» What you will do: Skip the pictures and write out, word for word, the lines below from the one with "Collar doble Serpientes" through the one with "A masterpiece of", inclusive.

┌─ Records provided

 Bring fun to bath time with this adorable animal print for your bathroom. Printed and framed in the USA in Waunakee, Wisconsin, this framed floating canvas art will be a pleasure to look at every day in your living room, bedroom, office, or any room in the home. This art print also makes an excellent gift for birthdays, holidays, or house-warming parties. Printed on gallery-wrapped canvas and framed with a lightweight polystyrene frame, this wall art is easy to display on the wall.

└─
┌─ Records provided

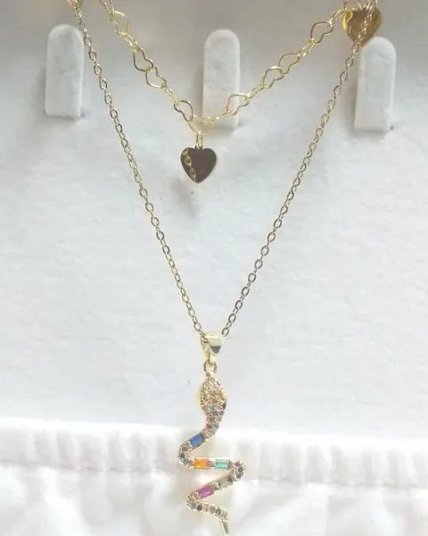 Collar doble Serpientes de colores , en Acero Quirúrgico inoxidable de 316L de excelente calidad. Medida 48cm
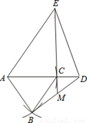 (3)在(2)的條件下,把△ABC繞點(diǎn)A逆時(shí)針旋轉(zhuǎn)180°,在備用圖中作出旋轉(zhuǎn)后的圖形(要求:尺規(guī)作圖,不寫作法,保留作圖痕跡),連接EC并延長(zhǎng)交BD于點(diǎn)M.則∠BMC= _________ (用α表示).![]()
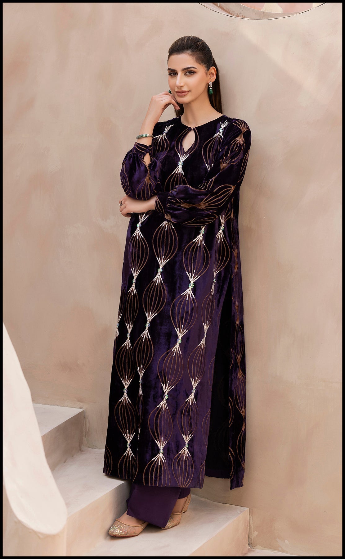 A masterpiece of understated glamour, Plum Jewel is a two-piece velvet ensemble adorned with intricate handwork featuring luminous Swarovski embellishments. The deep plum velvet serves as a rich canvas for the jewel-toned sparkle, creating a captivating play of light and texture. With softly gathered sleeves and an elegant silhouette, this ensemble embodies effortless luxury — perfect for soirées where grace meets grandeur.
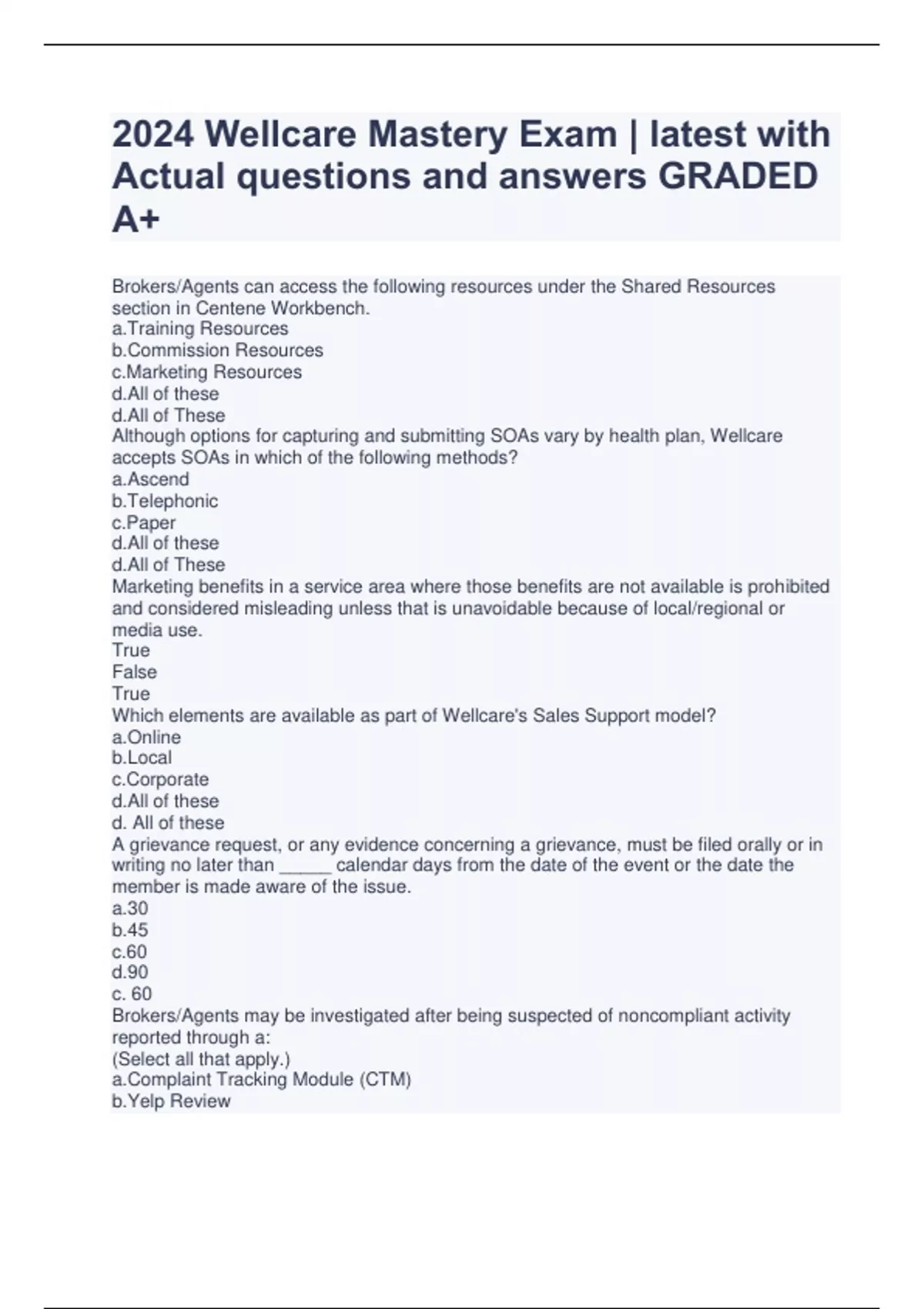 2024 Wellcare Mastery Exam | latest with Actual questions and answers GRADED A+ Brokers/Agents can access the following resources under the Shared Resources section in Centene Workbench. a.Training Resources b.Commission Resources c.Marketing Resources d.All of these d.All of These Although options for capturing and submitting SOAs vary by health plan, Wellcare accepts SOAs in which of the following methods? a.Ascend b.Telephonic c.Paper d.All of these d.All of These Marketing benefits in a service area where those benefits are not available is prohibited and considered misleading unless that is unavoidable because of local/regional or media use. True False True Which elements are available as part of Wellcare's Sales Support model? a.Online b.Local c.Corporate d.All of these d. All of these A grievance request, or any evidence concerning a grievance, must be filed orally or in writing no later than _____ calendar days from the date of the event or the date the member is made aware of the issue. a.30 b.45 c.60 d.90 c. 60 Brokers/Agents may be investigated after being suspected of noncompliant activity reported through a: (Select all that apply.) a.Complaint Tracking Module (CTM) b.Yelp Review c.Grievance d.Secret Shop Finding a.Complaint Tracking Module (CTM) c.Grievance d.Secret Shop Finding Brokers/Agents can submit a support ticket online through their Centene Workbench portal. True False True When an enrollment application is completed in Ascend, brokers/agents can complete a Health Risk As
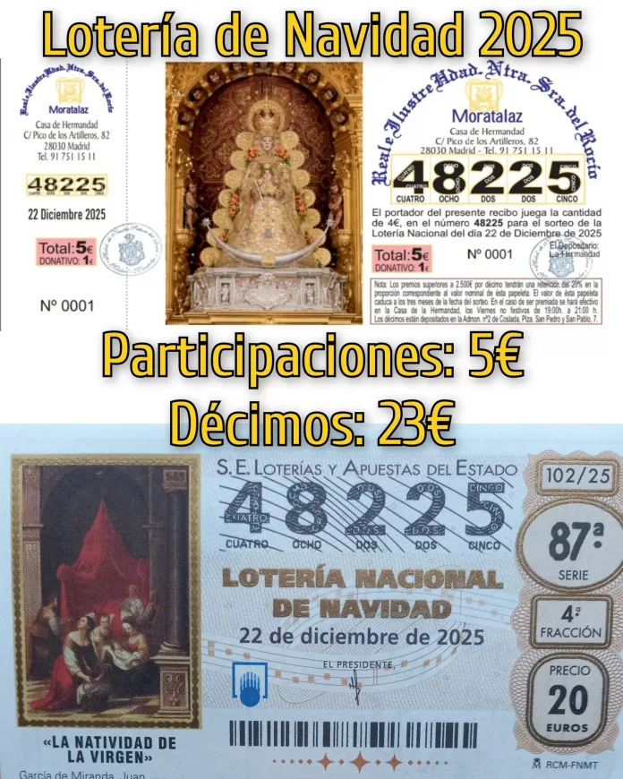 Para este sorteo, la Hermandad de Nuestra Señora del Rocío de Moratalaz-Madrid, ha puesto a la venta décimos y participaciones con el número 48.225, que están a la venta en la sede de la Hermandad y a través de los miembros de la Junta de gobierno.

└─
┌─ Records provided

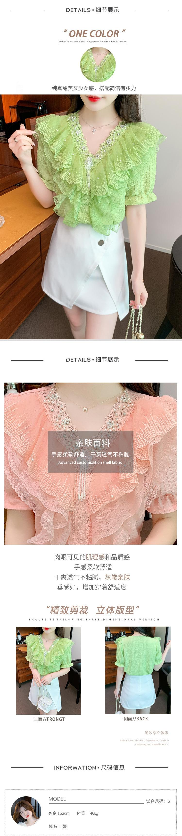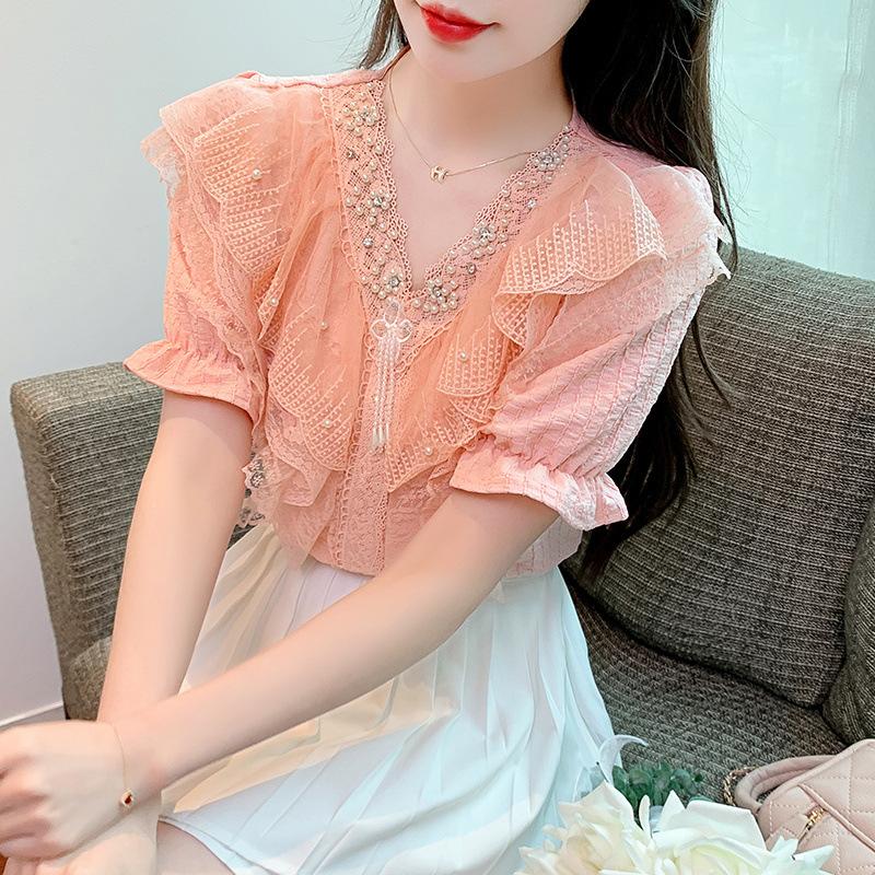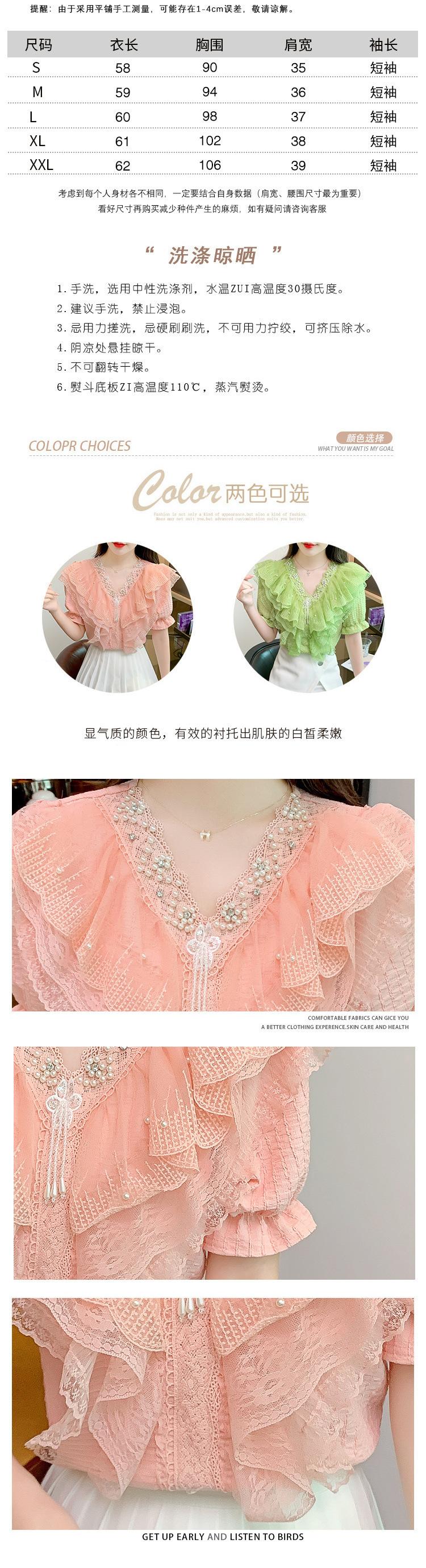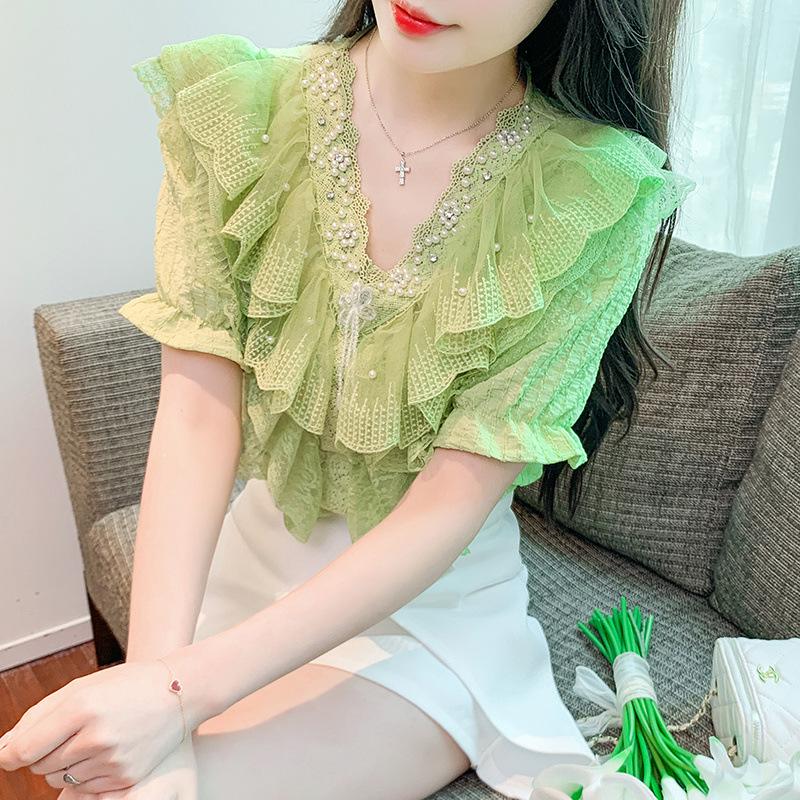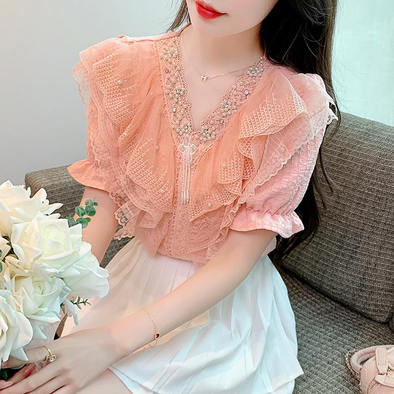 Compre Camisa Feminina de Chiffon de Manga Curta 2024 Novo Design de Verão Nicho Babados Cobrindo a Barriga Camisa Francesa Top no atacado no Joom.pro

└─

» Answer for the task:
 Collar doble Serpientes de colores , en Acero Quirúrgico inoxidable de 316L de excelente calidad. Medida 48cm
 (3)在(2)的條件下,把△ABC繞點(diǎn)A逆時(shí)針旋轉(zhuǎn)180°,在備用圖中作出旋轉(zhuǎn)后的圖形(要求:尺規(guī)作圖,不寫作法,保留作圖痕跡),連接EC并延長(zhǎng)交BD于點(diǎn)M.則∠BMC= _________ (用α表示).![]()
 A masterpiece of understated glamour, Plum Jewel is a two-piece velvet ensemble adorned with intricate handwork featuring luminous Swarovski embellishments. The deep plum velvet serves as a rich canvas for the jewel-toned sparkle, creating a captivating play of light and texture. With softly gathered sleeves and an elegant silhouette, this ensemble embodies effortless luxury — perfect for soirées where grace meets grandeur.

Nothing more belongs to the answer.